● Exercise prompt: Only the lines below from the one containing "Techniniu audiniu aptrauktas" through the one containing "È interessante notare" belong in the answer, set down exactly, with the pictures left out.

● Data to examine:
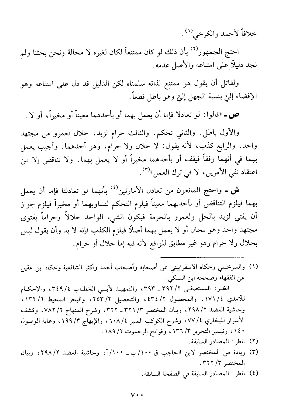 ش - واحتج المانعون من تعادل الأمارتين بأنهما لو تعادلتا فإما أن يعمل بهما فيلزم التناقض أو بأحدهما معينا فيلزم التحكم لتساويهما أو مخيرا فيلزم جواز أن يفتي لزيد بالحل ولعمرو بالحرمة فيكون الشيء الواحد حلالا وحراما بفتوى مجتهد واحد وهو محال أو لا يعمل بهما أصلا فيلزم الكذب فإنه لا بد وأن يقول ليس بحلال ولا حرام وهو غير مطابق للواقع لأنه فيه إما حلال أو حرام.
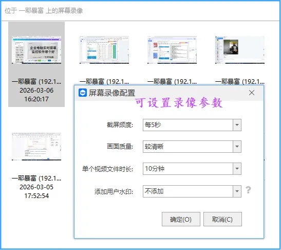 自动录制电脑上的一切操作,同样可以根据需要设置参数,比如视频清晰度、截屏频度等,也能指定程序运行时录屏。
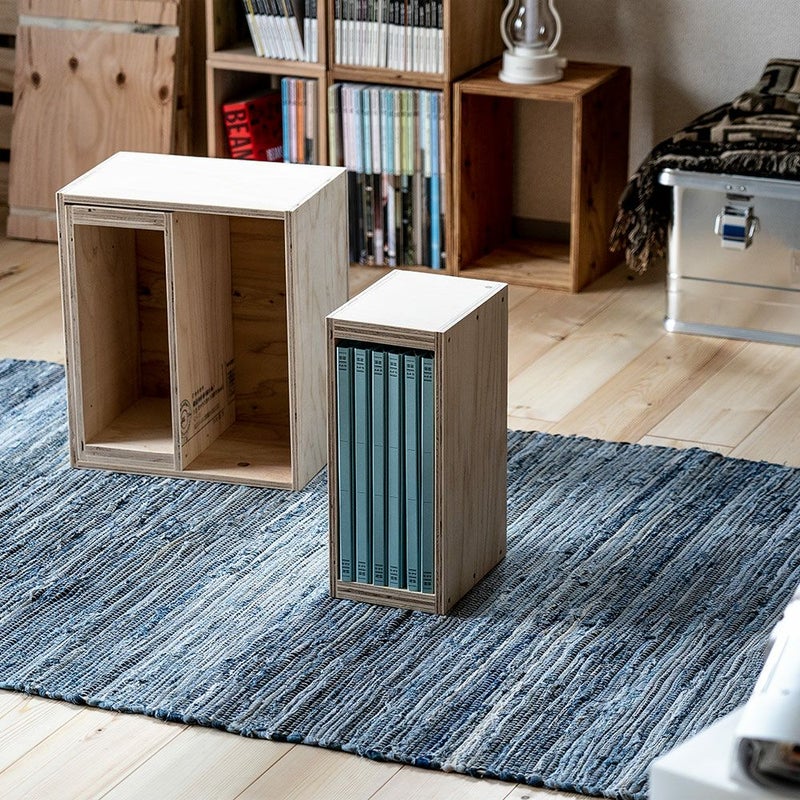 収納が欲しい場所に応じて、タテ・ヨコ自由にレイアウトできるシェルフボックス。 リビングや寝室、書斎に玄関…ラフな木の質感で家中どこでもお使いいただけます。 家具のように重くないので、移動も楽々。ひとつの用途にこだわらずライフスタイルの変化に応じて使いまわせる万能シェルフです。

--

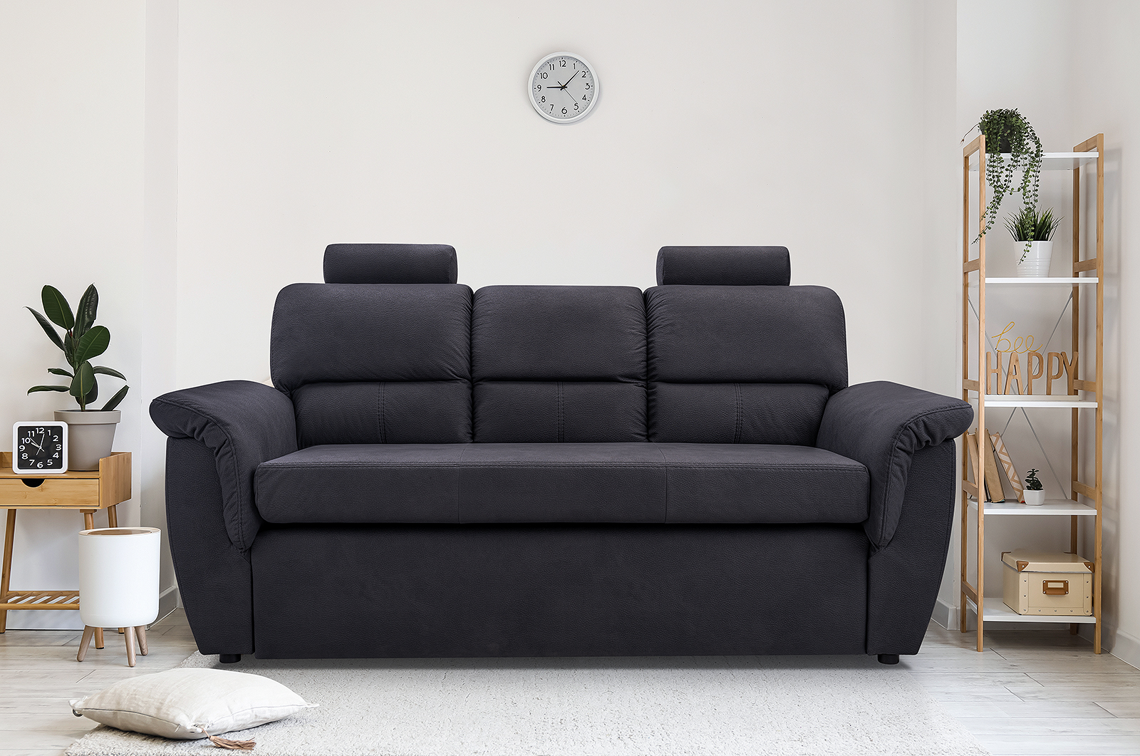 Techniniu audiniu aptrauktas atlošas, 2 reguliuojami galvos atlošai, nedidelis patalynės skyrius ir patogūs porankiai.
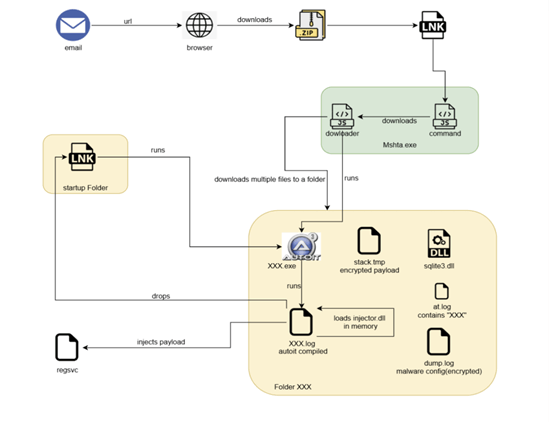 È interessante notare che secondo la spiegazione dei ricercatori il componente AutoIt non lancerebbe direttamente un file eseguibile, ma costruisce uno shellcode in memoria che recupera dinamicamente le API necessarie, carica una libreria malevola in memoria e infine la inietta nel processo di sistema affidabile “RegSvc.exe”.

● Result below:
 Techniniu audiniu aptrauktas atlošas, 2 reguliuojami galvos atlošai, nedidelis patalynės skyrius ir patogūs porankiai.
 È interessante notare che secondo la spiegazione dei ricercatori il componente AutoIt non lancerebbe direttamente un file eseguibile, ma costruisce uno shellcode in memoria che recupera dinamicamente le API necessarie, carica una libreria malevola in memoria e infine la inietta nel processo di sistema affidabile “RegSvc.exe”.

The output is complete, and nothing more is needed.